Next generation energy storage devices for stationary as well as mobile electronics will not only need high gravimetric and volumetric capacity, but also long term stability even in rough environments at elevated temperature. Here, all solid state batteries based on Li-garnet structures are shown as interesting model systems that: i.) can partially use industrial waste heat to increase charging times (increased Li⁺ diffusion) for stationary, ii.) can integrate new high capacity electrode materials which show conventionally a low stability in standard liquid/polymer based Li-batteries, iii.) are easy transferrable to model thin film battery structures for powering of portable electronics. Going all-solid-state opens up completely new pathways for chip integration and downscaling to the sub-micron range for high energy densities to battle supercapacitors. From a materials perspective, cubic garnet Li₇La₃Zr₂O₁₂-based structures are among the fastest conducting solid state electrolytes^[1]. Moreover, their inherent compatibility with metallic Lithium, stability in a wide voltage range as well as their Arrhenius-activated conduction mechanism support their prospering interest for all solid state large-scale and future microbatteries. On the electrode side, Li₄Ti₅O₁₂ is known as one of the most stable anode material due to its remarkably low volume expansion upon lithiation/delithiation and its good cycle performance ^[2].

We hereby report our latest progress on nanostructuring different promising anode thin films of Li₄Ti₅O₁₂ / TiO₂ mixed-phase deposited by pulsed laser deposition and constructed bilayer half-cells batteries systems with Li₇La₃Zr₂O₁₂ pellets as the electrolyte. Rate capability studies as well as galvanostatic cycling of this system showed promising initial capacity and acted as a case study for the well-known Li₄Ti₅O₁₂ thin film anode, shown its good compatibility with the investigated solid garnet electrolyte.
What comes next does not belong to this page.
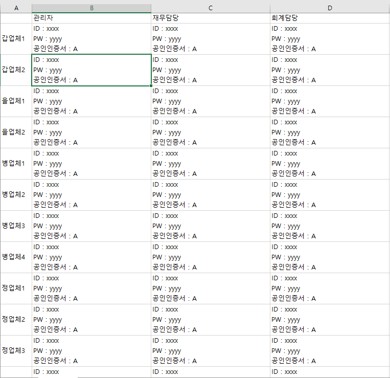 갑-을-병-정 업체 중

Near-order phenomena could be tracked by Raman spectroscopy and gave insight into the process of lithiation and delithiation. To the best of our knowledge, no such study has yet been reported in literature. However, degradation and ageing effects still remain challenging and will be discussed.

References

^[1] Thangadurai et al., Chemical Society Reviews 43(13), 4714.

^[2] Kumantani et al. Applied Physics Letters 101(12), 123103.